El santuario se había fundado con tanto esmero, consagrándolo con sangre y un ritual salvaje, que Uldus todavía enrojecía al recordarlo. Sin embargo, ahora ya no había damas vestidas de negro que bailaran y giraran descalzas alrededor del bloque astado de piedra ni nadie que lo guiara en sus medio olvidadas plegarias, de modo que se dedicaba principalmente a dar las gracias a Shar por mantenerlo con vida durante sus furtivas visitas al bosque. Esperaba que ella lo perdonaría por haber dejado de acudir allí por las noches.

—Os ruego, mi siniestra señora, que me mantengáis a salvo del Asesino —musitó Uldus, rozando casi con los labios la oscura piedra—. Guiadme al poder y al regocijo sobre mis enemigos, y convertidme en una fuerte espada capaz de cortar allí donde necesitéis que algo quede cortado, y de acuchillar donde vuestra voluntad desee. Oh, muy divina Señora de la Noche, escuchad mi oración, la súplica de vuestro muy leal siervo, Uldus Carneronegro. Shar, escuchad mi plegaria. Shar, responded a mi plegaria. Shar, atended mi...

—Hecho, Uldus —dijo una voz decidida desde lo alto.

Uldus Carneronegro consiguió golpearse la cabeza contra el altar, dar una voltereta hacia atrás para colocarse unos cuatro pasos más allá e incorporarse, todo en un frenético y confuso movimiento.
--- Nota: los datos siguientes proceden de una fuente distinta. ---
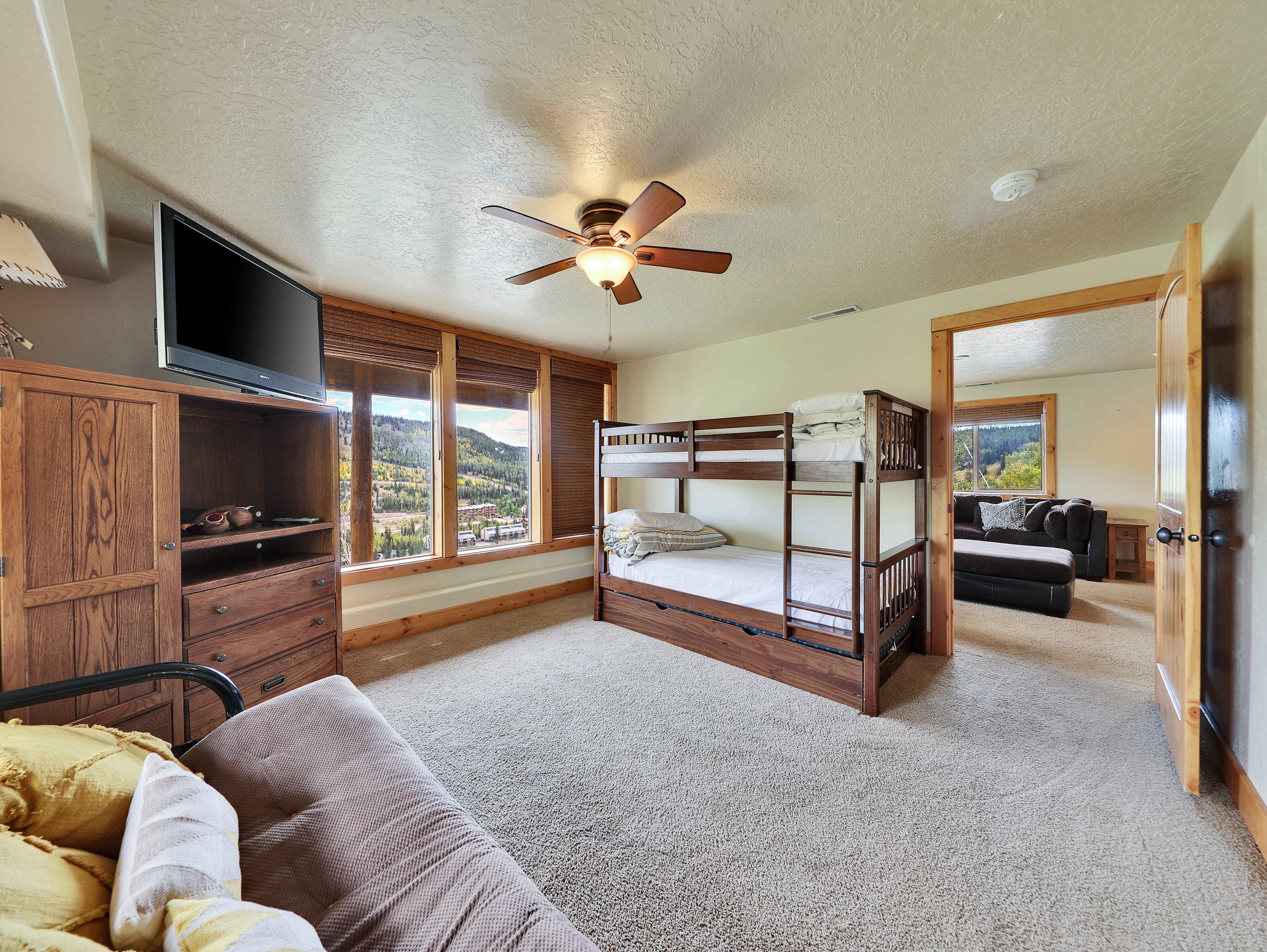 Bedroom with 3 Twin beds (bunk + trundle)
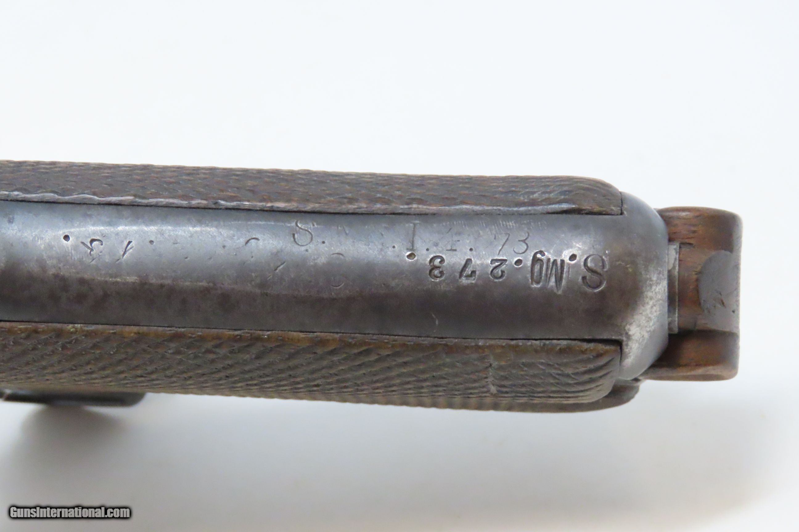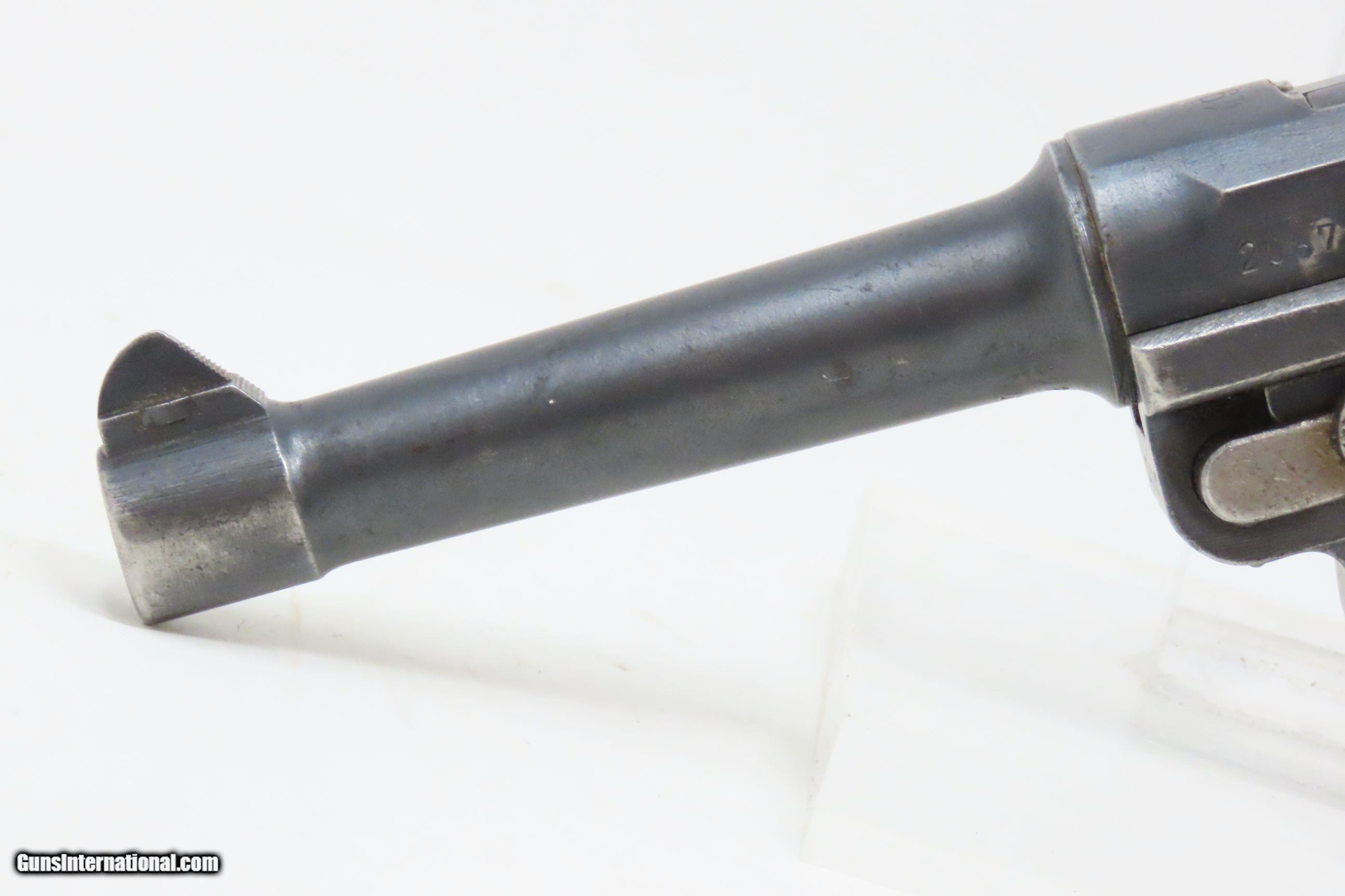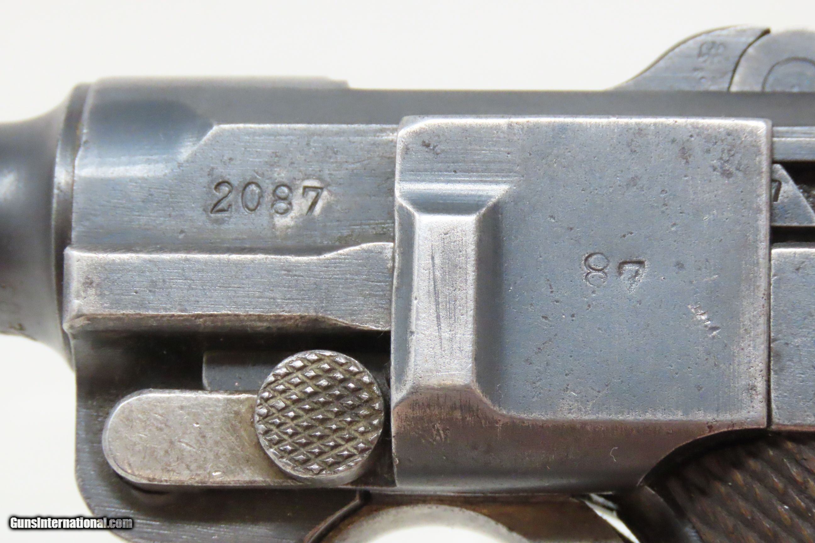 Description: 1920 Dated German Magdeburg Schutzpolizei POLICE LUGER P.08 9mm PISTOL C&R Post-Great War WEIMAR ERA GERMAN POLICE Sidearm Here we present a C&R Post-World War I Dated German DWM (Deutsche Waffen-und Munitionsfabriken) Pistole Parabellum P.08 Military Luger Pistol, likely manufactured circa 1920 in Berlin, Germany. Basing his design off Hugo Borchardt’s seminal C93, Georg Luger successfully brought Borchardt’s work to practical and productive fruition. While finding buyers for the C93 seemed an exercise in futility, the new Luger Pistol found many countries eager to test it and even adopt it. There are many variations in this field of collecting, but relatively few major changes in overall design from beginning to end. The Luger is certainly one of the most iconic firearms in history, made so by its association with being carried by German troops during both World Wars and is perhaps the most associated with those events. The right side of the barrel extension has the three Imperial Eagle proofs. This example is police marked “S.Mg.273.” for the Schutzpolizei of the Magdeburg District. Other markings appear faint and were effaced so the police marking would show without confusion. The overall condition is good. Original blue finish. The action is excellent. The bore is bright with strong rifling. Grips show wear and remain solid. Numbers match: restamped on the magazine base plate. This firearm is classified as a Curio & Relic. Barrel is 4 inches. Caliber: 9x19mm Luger Overall condition as seen in photos. Very Fast. Very Safe. FREE SHIPPING. Will need to be sent to your local FFL or C&R licensee. This firearm is classified as a Curio & Relic. Guaranteed AUTHENTIC & Includes CERTIFICATE OF AUTHENTICITY. ancestryguns $2250 #230491 SOLD Curio/Relic: Yes |

Cuando se detuvo en seco, medio vuelto para huir, se encontró mirando a seis hombres calvos vestidos con túnicas negras y moradas, situados en semicírculo alrededor del altar y de cara a él, con un leve regocijo pintado en sus rostros.

—¿Señores de la Dama? —dijo Uldus, jadeante—. ¿Han recibido respuesta por fin mis oraciones?

—Uldus —dijo el mayor de ellos en tono afable, adelantándose—, lo han sido. Por fin. Además, se ha elegido para ti una recompensa adecuada. ¡Vas a conducirnos al interior de Paraje Muerto!

—¡A... alabada sea Shar! —respondió Uldus, abriendo los ojos desmesuradamente y poniéndolos en blanco al tiempo que se desplomaba sobre la hierba sin sentido.

—Reanimadlo —ordenó Elryn, sin molestarse en disimular su desprecio—. Y pensar que cosas como ésta veneran a la Muy Divina Señora del Quebranto.

—Bueno —observó uno de los hechiceros de más edad, inclinándose sobre el caído Uldus—, todos tenemos que empezar por algún sitio.

La refulgente esfera mágica describía órbitas alrededor del trono a una velocidad casi perezosa. Saeraede no le dedicaba más que una atención despreocupada, absorta como estaba en enviar imágenes de sí misma atisbando por entre los árboles para atraer a aquel audaz Elminster de vuelta al castillo.